# Help me understand the `unique` semantic for a vector of mutable struct

The `unique` documentation mentions that it is based on the `isequal` function.
Hence I cannot understand the result of the following MWE:

``````Base.@kwdef mutable struct AStruct
toto::String    =  "toto"
tuti::Int       = 2
end

function Base.:(==)(a::AStruct, b::AStruct)
for field ∈ fieldnames(AStruct)
getproperty(a, field) != getproperty(b, field) && return false
end
return true
end

function unique_experiment()
a = [(AStruct("titi",3),"aa"),(AStruct("tutu",3),"aa"),(AStruct("titi",3),"aa"),(AStruct("tete",3),"bb")]
println("lenght(a) = \$(length(a))")
@show a[1]
@show a[3]
@show a[1] == a[3]
ua = unique(a)
println("lenght(ua) = \$(length(ua))")
end
``````

The output is:

``````lenght(a) = 4
a[1] = (PathViz.AStruct("titi", 3), "aa")
a[3] = (PathViz.AStruct("titi", 3), "aa")
a[1] == a[3] = true
lenght(ua) = 4
``````
1 Like

The `==` implementation for `AStruct` and default `isequal` did not fulfill this documented requirement: “`isequal` is the comparison function used by hash tables (`Dict` ). `isequal(x,y)` must imply that `hash(x) == hash(y)` .” As a consequence, `unique` is unable to put them in the same slot of a `Set`.

Behavior you’d like:

``````julia> isequal([1], [1])
true

julia> unique([[1], [1]])
1-element Vector{Vector{Int64}}:
[1]

julia> hash.([[1], [1]])
2-element Vector{UInt64}:
0xc7253bdde85cb9f5
0xc7253bdde85cb9f5
``````

What happens now:

``````julia> isequal((AStruct("titi",3),"aa"), (AStruct("titi",3),"aa"))
true

julia> unique([(AStruct("titi",3),"aa"), (AStruct("titi",3),"aa")])
2-element Vector{Tuple{AStruct, String}}:
(AStruct("titi", 3), "aa")
(AStruct("titi", 3), "aa")

julia> hash.([(AStruct("titi",3),"aa"), (AStruct("titi",3),"aa")])
2-element Vector{UInt64}:
0xd5f0f1ab22ccc31c
0xbec08e442b331e69
``````

Same discrepancy occurs for the `AStruct` instances alone rather than Tuples containing them.

1 Like

Thank you very much for this detailed explanation !
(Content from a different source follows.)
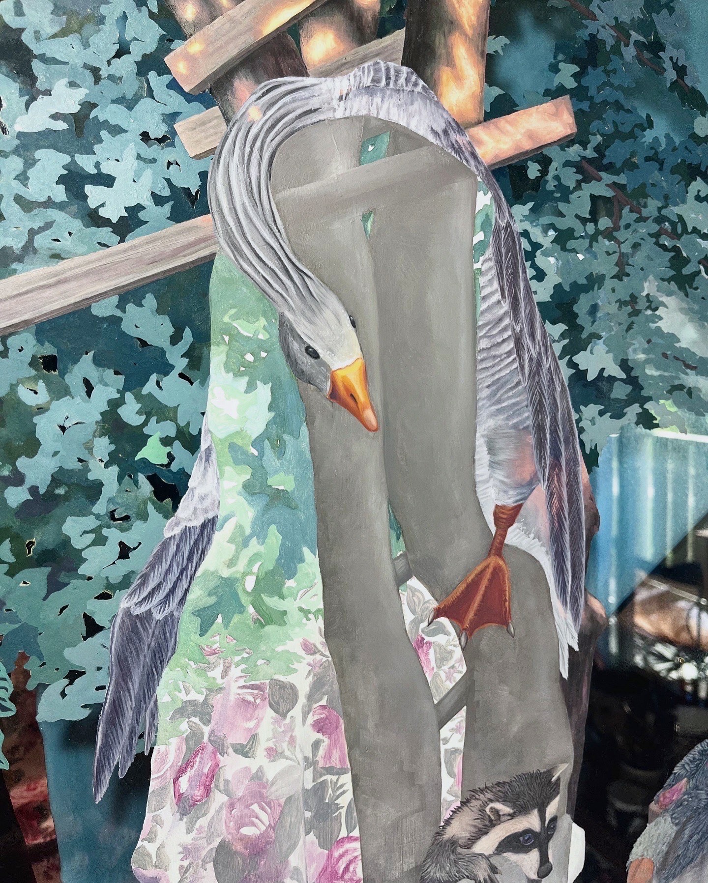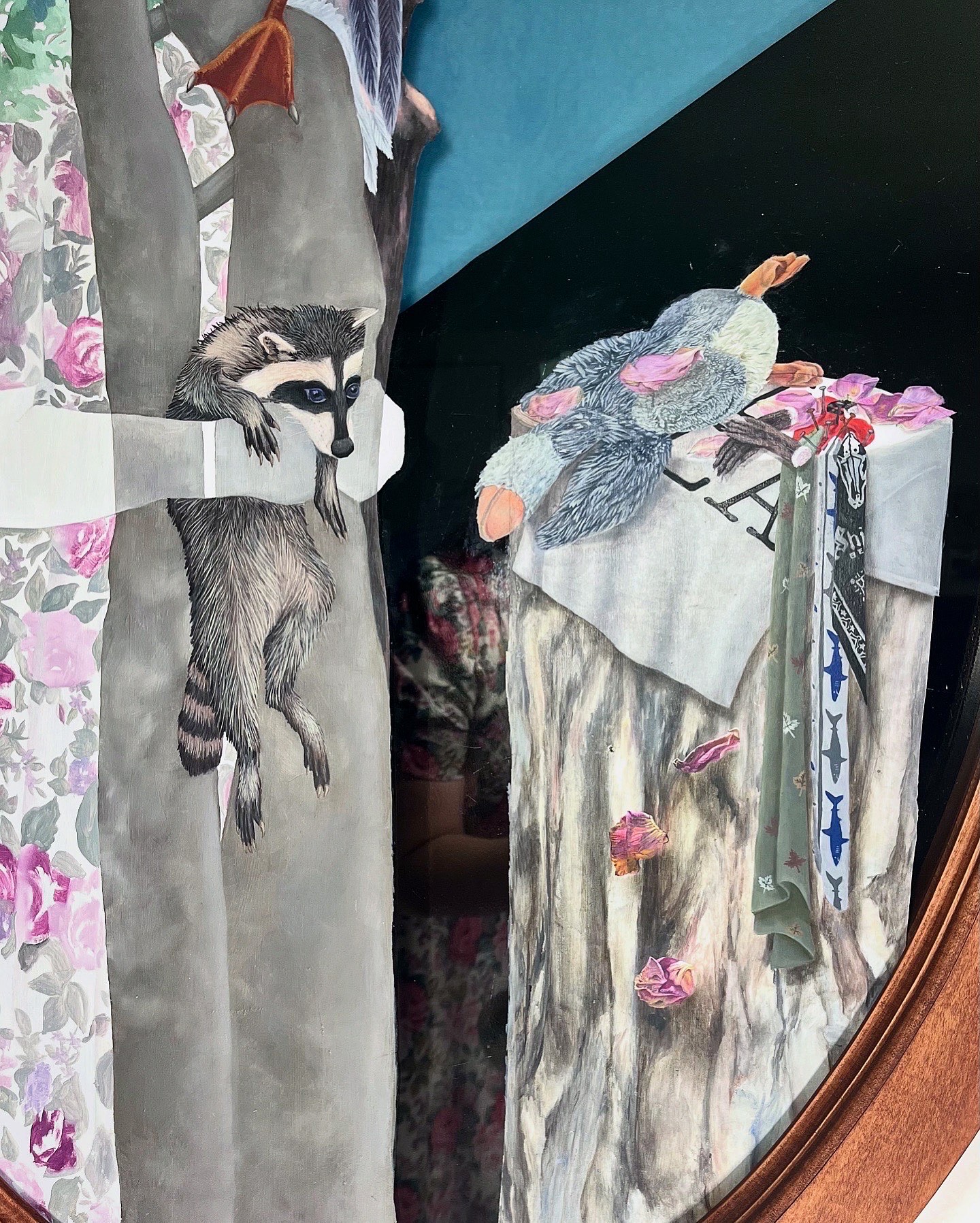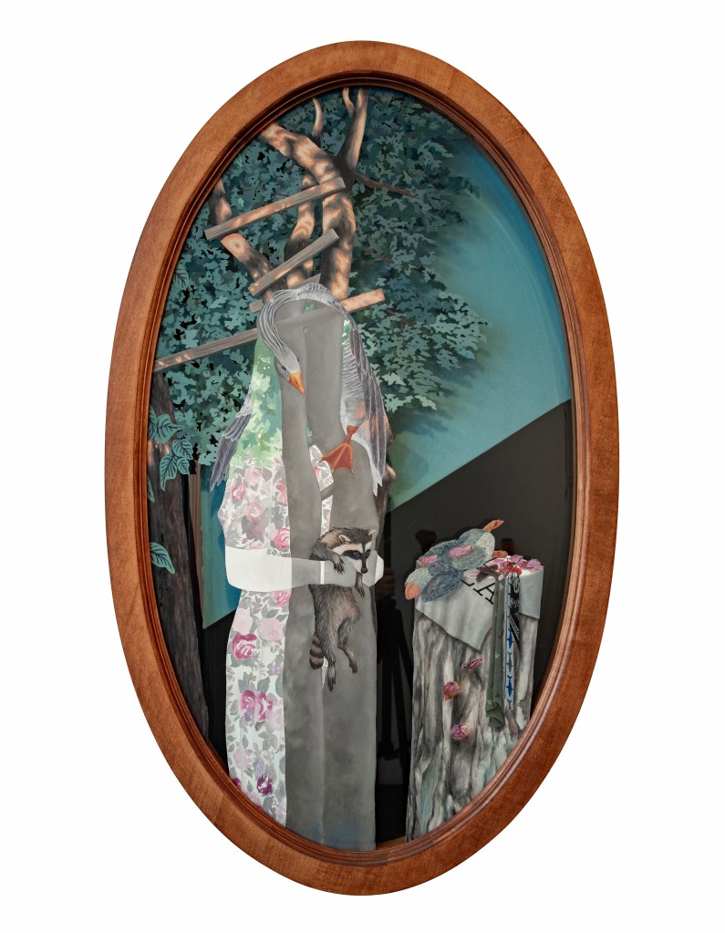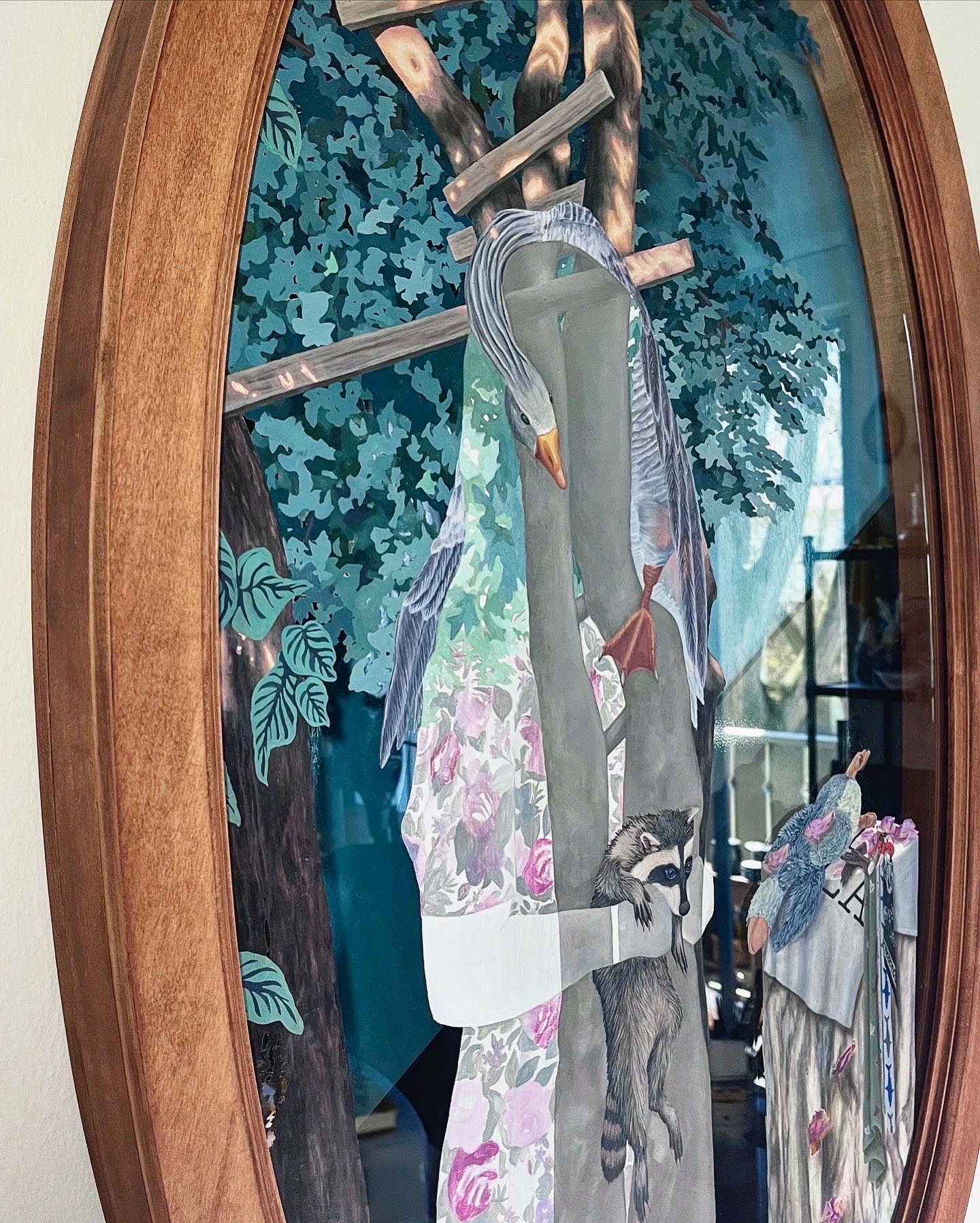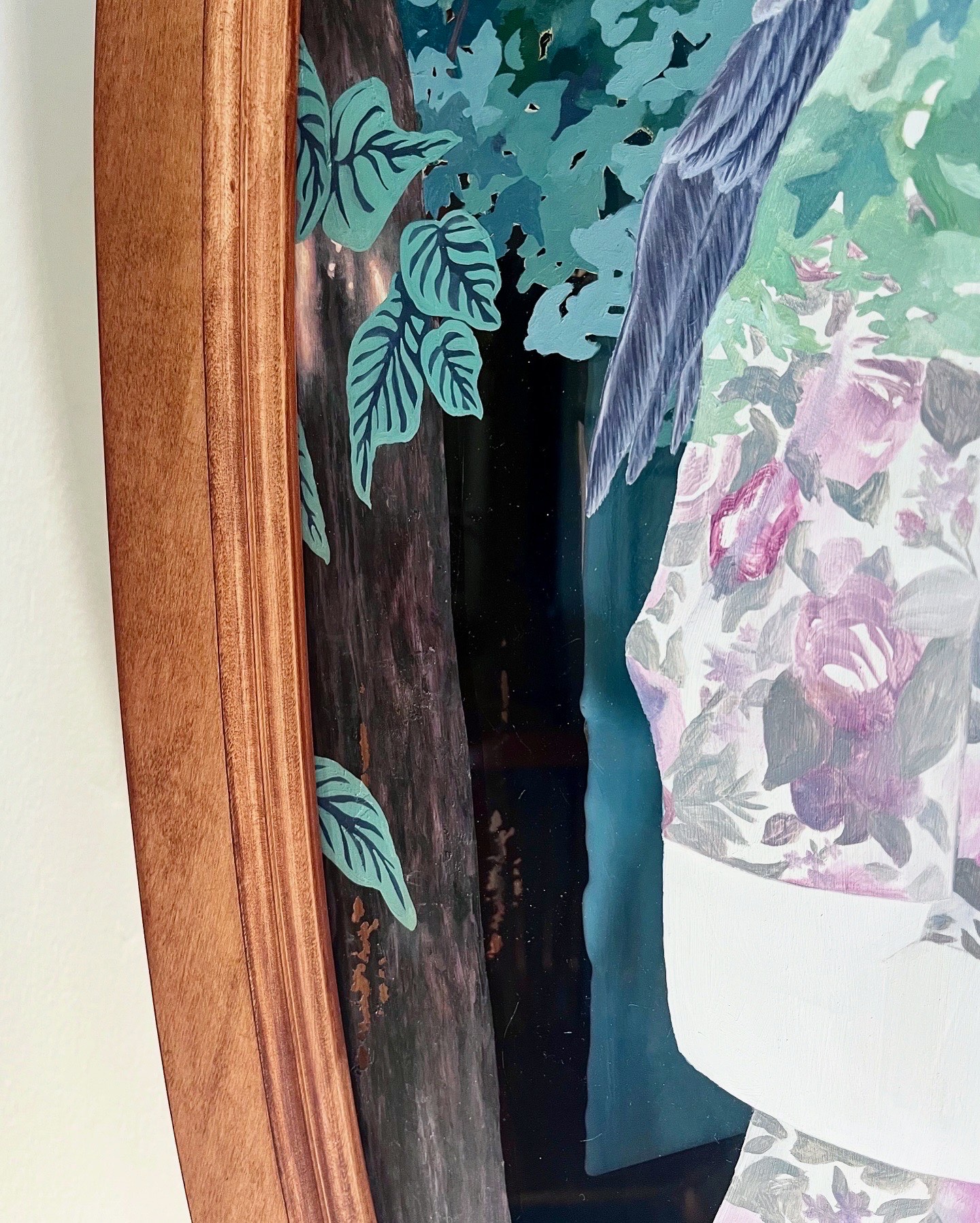 Oil Paint, Layered Mirror and Glass, Handcrafted Wooden Frame

I wonder if some tooling could help developers by forcing them to implement a `hash` method for each custom `isequal` method (I have spent some energy trying to figure out the problem before this discourse post).

Thank you again !

The docstrings do say that custom `isequal`/`==` and `hash` implementations come in pairs. I wish I knew how hashing works to give any suggestions.

You are right, but one has to guess that he may not understand what is the semantic of `isequal` in order to look at the corresponding docstring.

The docstring of `unique` does not make any reference to the `hash` function:

``````help?> unique
search: unique unique! allunique

unique(itr)

Return an array containing only the unique elements of collection itr, as
determined by isequal, in the order that the first of each set of equivalent
elements originally appears. The element type of the input is preserved.

Right, I meant the `==`/`isequal`/`hash` docstrings. It does seem strange to me that `unique` mentions `isequal` in particular when hash table types must use `hash` then `isequal` to do key equality properly.
Note that I think that I would have I consider the `hash` function if I was dealing with `Dict`. But since I was only using regular `Array`s, I have (wrongly) assumed that `unique` implementation only implied a bunch of call to `isequal`.
Maybe the `unique` docstring could be improved, mentioning the `hash` function.